GIVEN DATA START

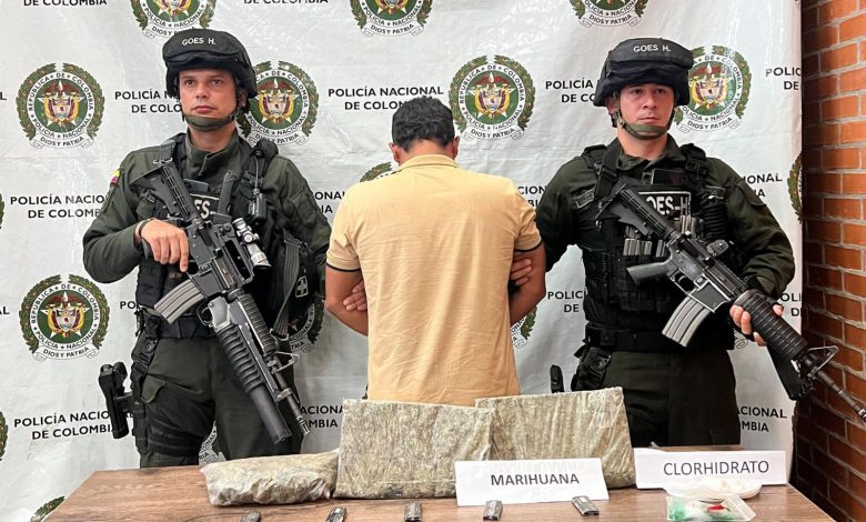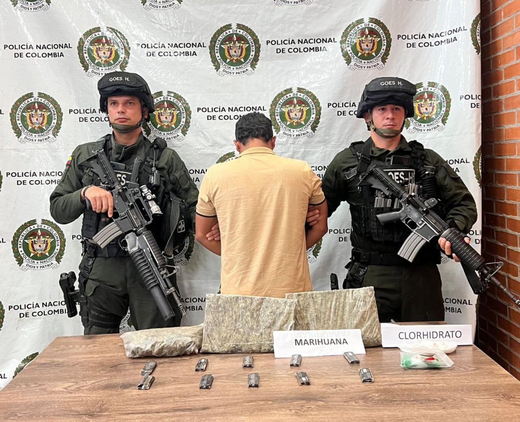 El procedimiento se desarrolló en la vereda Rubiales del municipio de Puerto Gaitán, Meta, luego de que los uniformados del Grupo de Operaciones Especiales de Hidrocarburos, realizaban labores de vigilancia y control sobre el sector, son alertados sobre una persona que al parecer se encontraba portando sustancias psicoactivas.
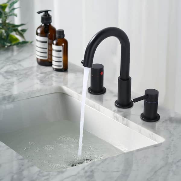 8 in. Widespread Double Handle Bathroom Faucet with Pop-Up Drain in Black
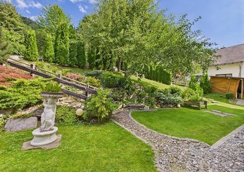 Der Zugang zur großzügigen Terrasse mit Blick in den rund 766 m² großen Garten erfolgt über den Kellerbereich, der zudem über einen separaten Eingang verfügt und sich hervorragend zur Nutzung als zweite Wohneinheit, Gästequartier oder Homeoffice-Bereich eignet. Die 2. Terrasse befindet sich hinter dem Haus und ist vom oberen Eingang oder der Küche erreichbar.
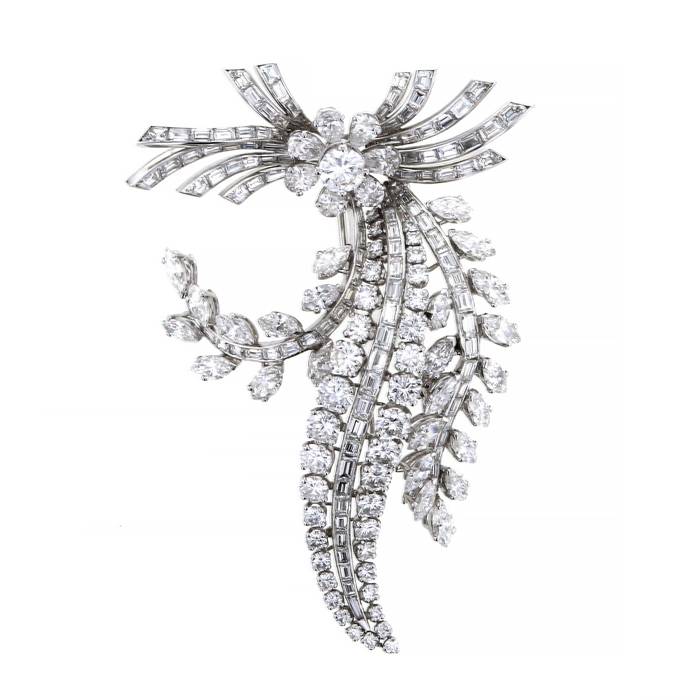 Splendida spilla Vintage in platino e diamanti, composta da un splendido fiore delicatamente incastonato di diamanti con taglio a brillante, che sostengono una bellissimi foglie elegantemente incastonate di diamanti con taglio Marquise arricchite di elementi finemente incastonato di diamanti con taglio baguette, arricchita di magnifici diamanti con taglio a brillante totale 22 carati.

GIVEN DATA END

■ TASK ITEM ■
Would you please output the listing above exactly, leaving out the pictures?

■ SOLUTION FOR THIS TASK ■
 El procedimiento se desarrolló en la vereda Rubiales del municipio de Puerto Gaitán, Meta, luego de que los uniformados del Grupo de Operaciones Especiales de Hidrocarburos, realizaban labores de vigilancia y control sobre el sector, son alertados sobre una persona que al parecer se encontraba portando sustancias psicoactivas.
 8 in. Widespread Double Handle Bathroom Faucet with Pop-Up Drain in Black
 Der Zugang zur großzügigen Terrasse mit Blick in den rund 766 m² großen Garten erfolgt über den Kellerbereich, der zudem über einen separaten Eingang verfügt und sich hervorragend zur Nutzung als zweite Wohneinheit, Gästequartier oder Homeoffice-Bereich eignet. Die 2. Terrasse befindet sich hinter dem Haus und ist vom oberen Eingang oder der Küche erreichbar.
 Splendida spilla Vintage in platino e diamanti, composta da un splendido fiore delicatamente incastonato di diamanti con taglio a brillante, che sostengono una bellissimi foglie elegantemente incastonate di diamanti con taglio Marquise arricchite di elementi finemente incastonato di diamanti con taglio baguette, arricchita di magnifici diamanti con taglio a brillante totale 22 carati.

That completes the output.